Newbie -- Problem extruding adjacent closed curves

Hi guys – Brand-new member here, and Rhino 8 beginner. I’d appreciate it if someone could help me with this problem I’m having. I’m doing a practice model, and am trying to extrude a base plate that has some vertical cylindrical bosses that are taller than the plate is thick. The bosses are also tangent to the perimeter of the plate. (please see attached pic) I would like to extrude the bosses, and then extrude the remaining, shorter, area of the plate that’s touching the bosses, but can’t seem to do it. When I select all the curves via windowing, and either make them into a planar surface, or just extrude them as curves, only the circular bosses are affected – Rhino doesn’t recognize the center area of the plate as a different closed curve. On past practice models, it seemed as if I would have to redraw some of the shared curves that were used in the first extrusion in order to extrude the second area. This seems REALLY unwieldy, and I’m wondering what I’m missing. Can Rhino not do separate extrusions from curves that have shared edges? I used to practice a lot with Designspark Mechanical, and it was very easy to extrude different closed areas that happened to be touching – just passing the cursor over an area would highlight it as its own separate, extrudeable, closed curve. Thank you for any help anyone can offer. Rhino is turning out to be a bit tougher to learn than I’d expected.

@Drew_Joseph Do you want your final result to looks something like this?

I’ve read your post several times and am still not clear on exactly what you are try to do, nor what steps you have tried. There are multiple ways to arrange the curves in your image.

What do you mean by “curves with shared edges”? Do you mean curves which partially coincide? (In Rhino surfaces have edges, curves do not have edges.)

Upload a .3dm file with your curves. Drag the file to where you type your post, or use the vertical arrow icon above where you type your post.

You mentioned using Designspark Mechanical in the past. Have you worked through any Rhino tutorials? Or with your previous experience are you trying to just jump into Rhino and start modeling? If the latter I strongly suggest taking the time to go through some tutorials to understand how Rhino works and what some the terminology in Rhino means.

Hi Drew and welcome to the forum and to Rhino. I first started on v2 back in 2000 and of course still find issues with this program but wouldn’t trade it for the world! As David mentioned run through some tutorials and use the help guide its one of the best out there, all the commands have very useful examples.

In your example, as with other modeling software, think in stages of production.
ex: Extrude out the plate first as solid, then extrude your hollow cylinder bosses after. Then booleanunion them into a closed polysurface.

trying to extrude things in wrong order can have varying results. see pic of 4 different ways to extrude the same set of curves, all with different results. The last on the right is the ‘correct’ way of doing the plate and bosses separate then booling them.

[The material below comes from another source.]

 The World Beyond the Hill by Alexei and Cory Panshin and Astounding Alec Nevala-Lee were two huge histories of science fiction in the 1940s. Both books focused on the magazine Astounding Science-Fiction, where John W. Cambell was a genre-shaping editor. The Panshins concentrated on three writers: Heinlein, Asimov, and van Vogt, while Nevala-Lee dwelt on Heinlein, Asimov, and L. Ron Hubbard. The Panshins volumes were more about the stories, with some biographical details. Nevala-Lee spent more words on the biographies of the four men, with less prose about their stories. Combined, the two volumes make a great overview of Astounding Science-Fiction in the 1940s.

Be patient, read the manual and check some tutorials and you will get there. This is the best general cad program for the price IMHO. I have used it to model almost everything out there. Its ability to handle big meshes and tons of complexity have made it my main design app.

best,
Robert

Hi guys – thank you so much for the replies – I appreciate it. Attached is a pic of the original exercise I was trying to model, and a copy of the file I just finished. I was able to do it, but I had to extrude the bosses and the bottom plate separately (and moved away from each other in the modelspace), then move them together & do a booleanunion.

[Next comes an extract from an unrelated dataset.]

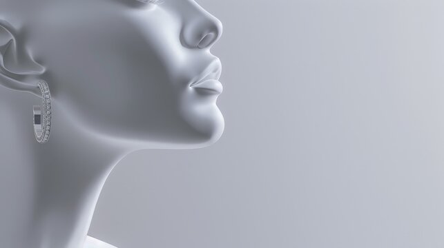 Three-dimensional rendering of a female abstract white profile and elegant mannequin gesture, woman silhouette sculpture, earrings display concept, jewelry showcase concept, and earring display.

The model file kinda shows the steps I took.
practice1 2-12-24.3dm (567.1 KB)

David – your description of the curves in question as “partially coinciding” is a much better way to phrase it than I did – thanks – that’s exactly what I meant. I was hoping there’d be a way in Rhino to select & extrude the circular areas into bosses, and then select the curves that define the outer edges of the plate, along with the circles that defined the outside diameter of the bosses, and then extrude that area to form the plate. But it seems like you can’t do that, and you have to copy the flat sketch, move it, trim the circles into arcs so that there are no “pieces” of curves hanging outside the closed area you create, and extrude the plate area separately, and then combine them together.

Is that pretty much how Rhino works with extruding? Thanks very much for your help.

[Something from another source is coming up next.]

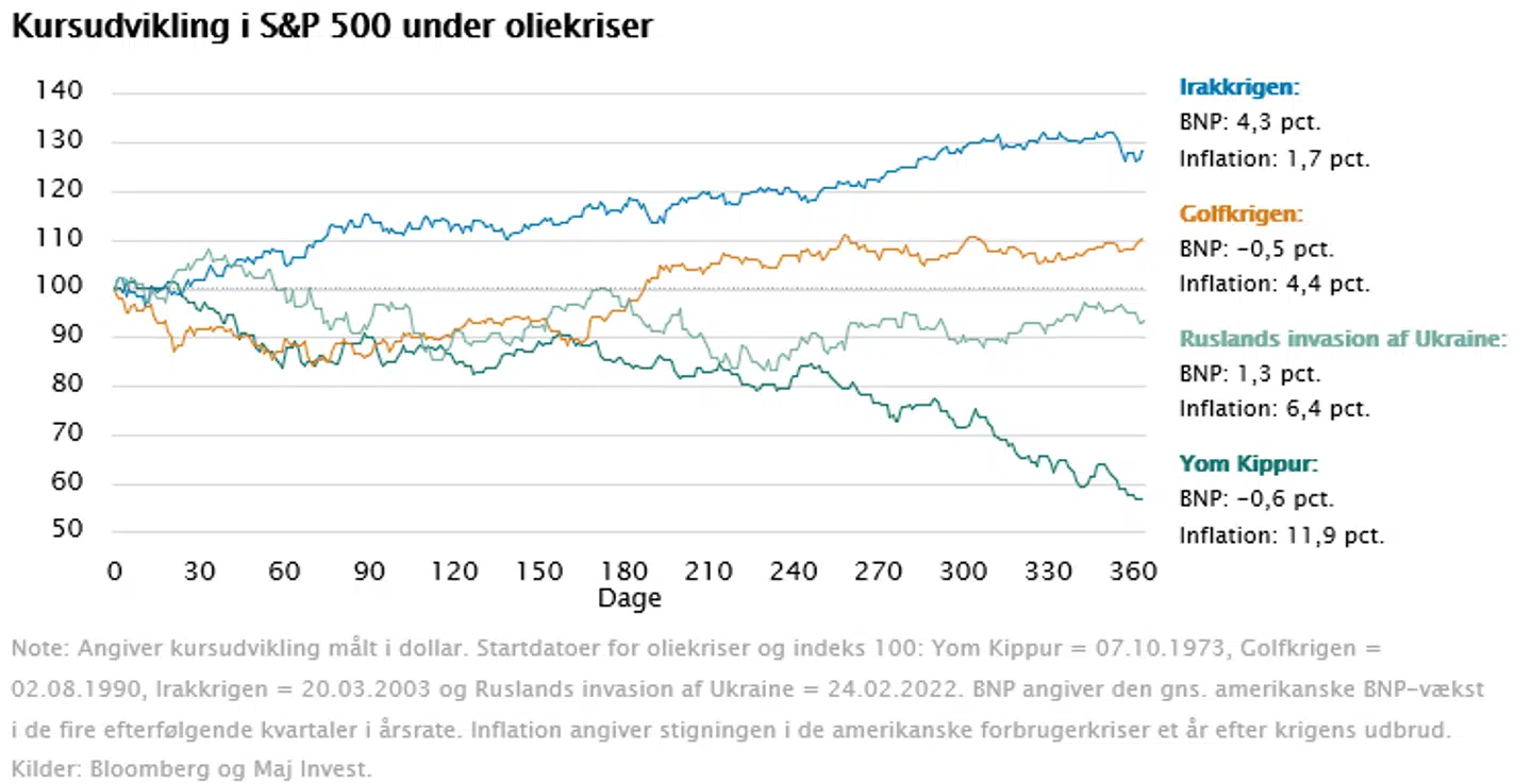 Historisk har oliekriser påvirket aktiemarkedet forskelligt. I gennemsnit er aktiemarkedet dog tæt på uændret 12 måneder efter en oliekrise.

Also – kinda unrelated, but something I’ve been wondering – is there a way, in shaded mode, to get rid of the lines designating the original edges of separate 3d objects that still show after you booleanunion them? I know they don’t show up in rendered mode, but rendered is much harder to work in than shaded mode. Thanks!

And thanks for the encouragement, Robert. I’ve played around some with Designspark, as mentioned above, and Solidworks, and they’re both seemingly quite different than Rhino in how they handle extrusions.